It'll catch some case-insensitive-duplicate directories too -- note
that I did call out that it'd print subdirs.  But to be more cautious,
you would need to carefully grab all leading directories of any added
path, not just the immediate leading directory.

> Directories have been the problem, in "my" repo, around one-third of
> the time - typically someone does a directory rename, and someone else
> does a bad merge and reintroduces the old directory.
>
> That said, what "icase pathspec magic" actually *does*, is break down
> the pathspec into iteratively more complete paths, level by level,
> looking for case-duplicates at each level. That's something I could
> presumably do in shell scripting, collecting all the interesting
> sub-paths first, and then getting ls-tree to tell me about the
> immediate children for each sub-path, doing case-insensitive dupe
> searches across children for each of these sub-paths.
>
> ls-tree supporting icase pathspec magic would clearly be more
> efficient (I wouldn't need N ls-tree git processes, where N is the
> number of sub-paths in the diff), but this should be plenty efficient
> for normal commits, with a fallback to the full search
>
> This seems like a sensible direction, I'll have a play.

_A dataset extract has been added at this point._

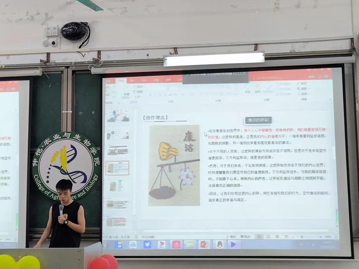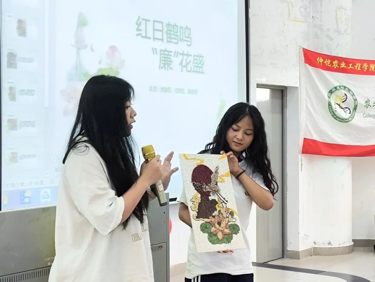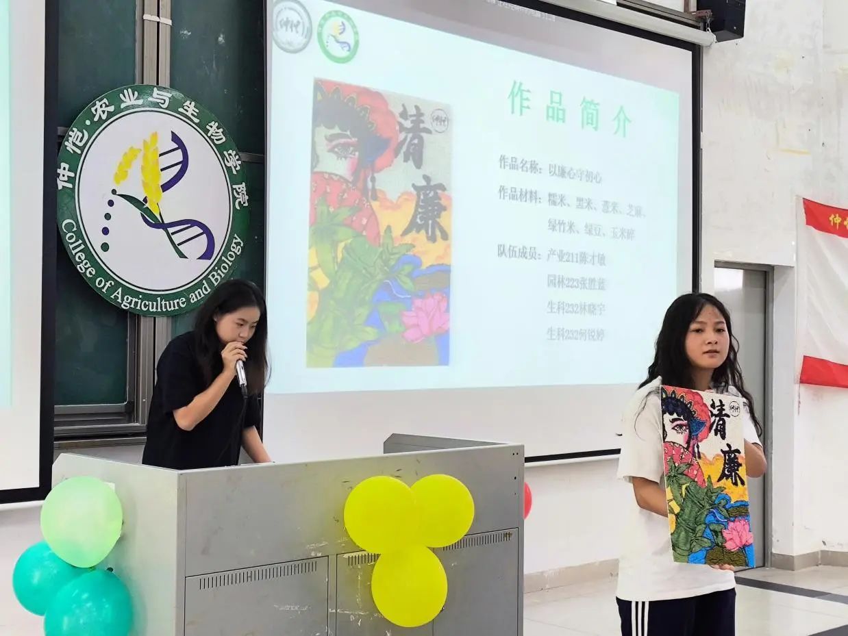 在20支队伍讲解完各自的作品后,在计分过程中,进行了温暖廉洁知识问答环节,充分调动现场的气氛,增添了本次活动的趣味性的同时,也增强了同学们对种子的认识。

If you create a script that gives you all leading directories of any
listed path (plus replacing the toplevel dir with ':/'), such as this
(which I'm calling 'all-leading-dirs.py'):

"""
#!/usr/bin/env python3

import os
import sys

paths = sys.stdin.read().splitlines()
dirs_seen = set()
for path in paths:
  dir = path
  while dir:
    dir = os.path.dirname(dir)
    if dir in dirs_seen:
      continue
    dirs_seen.add(dir)
if dirs_seen:
  # Replace top-level dir of "" with ":"; we'll add the trailing '/'
below when adding it to all other dirs
  dirs_seen.remove("")
  dirs_seen.add(':')
  for dir in dirs_seen:
    print(dir+'/')  # ls-tree wants the trailing '/' if we are going
to list contents within that tree rather than just the tree itself
"""

Then the following will catch duplicates files and directories for you:

git diff --diff-filter=A --no-renames --name-only HEAD~1 HEAD |
all-leading-dirs.py | xargs --no-run-if-empty git ls-tree --name-only
-t HEAD | sort | uniq -i -d

and it no longer has problems catching duplicates in the toplevel
directory either.  It does have (at most) two git invocations, but
only one invocation of ls-tree.  Here's a test script to prove it
works:

"""
#!/bin/bash

git init -b main nukeme
cd nukeme
mkdir -p dir1/subdir/whatever
mkdir -p dir2/subdir/whatever
>dir1/subdir/whatever/foo
>dir2/subdir/whatever/foo
git add .
git commit -m initial

mkdir -p dir1/SubDir/whatever
>dir1/SubDir/whatever/foo
git add .
git commit -m stuff

git diff --diff-filter=A --no-renames --name-only HEAD~1 HEAD |
all-leading-dirs.py | xargs --no-run-if-empty git ls-tree --name-only
-t HEAD | sort | uniq -i -d
"""

The output of this script is
"""
dir1/subdir
"""
which correctly notifies on the duplicate (dir1/SubDir being the
other; uniq is the one that picks which of the two duplicate names to
print)

^ permalink raw reply	[flat|nested] 16+ messages in thread

* Re: icase pathspec magic support in ls-tree
  2022-10-14 17:06           ` Elijah Newren
@ 2022-10-15 22:06             ` Tao Klerks
  2022-10-17 15:46               ` Tao Klerks
  0 siblings, 1 reply; 16+ messages in thread
From: Tao Klerks @ 2022-10-15 22:06 UTC (permalink / raw)
  To: Elijah Newren
  Cc: brian m. carlson, Ævar Arnfjörð Bjarmason, git

This seems to be working, thank you!!!

Two updates I had to make, in case this is useful to anyone else:

1: I'm getting some weird behavior I can't explain yet, where some
paths are returned from the ls-tree call twice: The input to ls-tree
is all unique paths, but the output somehow includes a relatively
small subset of paths twice.
This mysterious issue is easily addressed by adding an extra "uniq"
call to remove the "trivial dupes" before hunting for the
"case-insensitive dupes" we're interested in:

git diff --diff-filter=A --no-renames --name-only HEAD~1 HEAD |
all-leading-dirs.py | xargs --no-run-if-empty git ls-tree --name-only
-t HEAD | sort | uniq | uniq -i -d

2: The xargs call has issues with paths with spaces in them. Adding
-d"\n" seems to be a clean way to fix this

git diff --diff-filter=A --no-renames --name-only HEAD~1 HEAD |
all-leading-dirs.py | xargs -d"\n" --no-run-if-empty git ls-tree --name-only
-t HEAD | sort | uniq | uniq -i -d


Not only does this approach seem to work well, but it also has far
better performance characteristics than I was expecting!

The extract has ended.